Saizou took the bait. With a vicious smirk that turned his smiling face to something vile, he sent his black threads through the holes in the pattern so that they bit into Kazuki's flesh. Cloth ripped and blood ran.

Kazuki went down on one knee, but his hands were sure. "Water mingles with other water -- hand clasps hand!" he called, and he closed the pattern, taking control of both sets of threads.

"What --" Saizou began to say, and then his threads convulsed and snapped in his hands as Kazuki cracked them like whips. He screamed as blood spurted from between his fingers, and took a stumbling pace back. "No! No, you can't do that, that isn't Fuuchoin, stop!"

Kazuki took a deep shuddering breath. "Saizou-kun. What is the Black Thread connection to Mugenjou? Tell me that, and . . . things may be easier for you."

Saizou kept a firm hold of the threads in his hands, though his own blood was running down them now, marking them out in scarlet against the air. "I'll tell you this for nothing, Kazuki.

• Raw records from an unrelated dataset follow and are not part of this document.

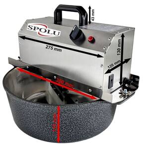 Mexedor Elétrico 8L SPL408 Spolu. Ideal para padarias, confeitarias, cozinhas industriais e similares. Sua função é misturar e mexer doces e salgados como: brigadeiro, beijinho, polenta e afins. Garantindo a mistura uniforme e consistente, tornando o preparo de receitas mais rápido e profissional. Seu cabeçote é em aço inox, com cabo anatômico em material anti chamas. A panela em alumínio fundido e pintura externa eletrostática que proporcionam durabilidade, higiene e facilidade na limpeza. Suas pás mexedoras são em silicone alimentício e a estrutura em aço inox de 2,5 mm. CAPACIDADE: 8L. POTÊNCIA:25W. PÁS: Silicone. TENSÃO: Bivolt. PESO: 6,5kg. DIMENSÕES(CxAxL): 39,5x33x30cm. Mexedor Elétrico 8L SPL408 Spolu é na Atau.
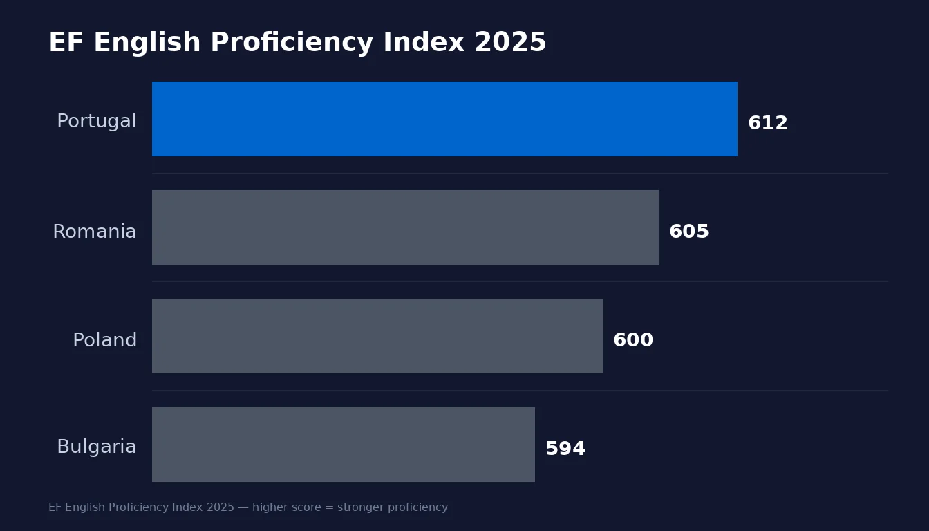 Portugal ranks 6th globally in the 2025 EF English Proficiency Index, with a score of 612 — an all-time high, up from 605 in 2024 — placing it among the top nations for English proficiency worldwide. To contextualise what that means in practice: Romania ranked 11th (605) and Poland 15th (600) in the same index — countries that have been established nearshore destinations for considerably longer. The gap is not trivial. It translates directly into the quality of asynchronous documentation, the accuracy of requirements interpretation, the speed of alignment in distributed standups, and the confidence with which Portuguese engineers engage with client leadership without requiring an intermediary layer.
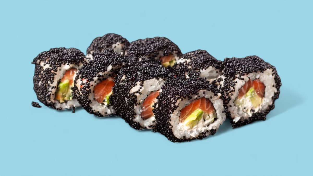 Nori, rīsi, masago ikri, cepts lasis, gurķis, krēmsiers,avocado
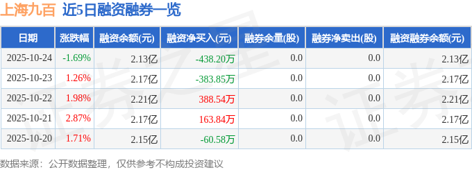 上海九百融資融券信息顯示,融資方面,當(dāng)日融資買入937.12萬元,融資償還1375.32萬元,融資凈償還438.2萬元。融券方面,融券賣出0.0股,融券償還0.0股,融券余量0.0股,融券余額0.0萬元。融資融券余額2.13億元。
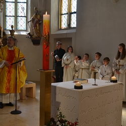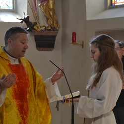 Pfarrer Claudiu Budau, der mit der Pfarrgemeinde feierte, freute sich über die Mitwirkung der Musikschule sowie über die Mitgestaltung des Gottesdienstes durch einige Firmlinge, die Kyrie-Gedanken und Fürbitten vortrugen.

The Black Thread users have served Babylon City for fifty years now. If we have a connection to Mugenjou, it's through them. And I'll tell you something else -- they were the ones who told us where to find you today and how to make you come to us."

Kazuki straightened to stand on his feet again. The pattern of threads hummed between him and Saizou with increasing tension. "And what did they ask for that favour, Saizou-kun?" he said with acid-fine gentleness.

"The boy Makubex," Saizou replied, and jerked with all his strength on the interwoven threads, so that they lashed and whipped through the air.

With a calm deliberation, Kazuki moved into the final step of the pattern. "Monsoon!" he called, and brought his hands down with the firm power of a master of the clan.

Saizou screamed in agony as his own threads snapped backwards through his hands, following the fine lines of muscle and bone. He released them, falling to his knees and clasping his hands to his chest, tears running from his eyes. "You -- damn you, Fuuchoin Kazuki, damn you . . ."

Juubei and Sakura stepped away from the last of Saizou's minions. "Kazuki-sama?" Juubei enquired, and Kazuki could hear the full question in his voice. Shall I finish it? Shall I dispose of him for you? Shall it be the full execution?

Kazuki shook his head. "Leave him to his servants, when they awake. I have cut his tendons. They will mend, but he will never be able to use threads again properly." He turned away from the screaming young man. "Come. Juubei. Sakura. Bring Emishi. Bring Kanou-kun -- I left him around the corner. We have work to do."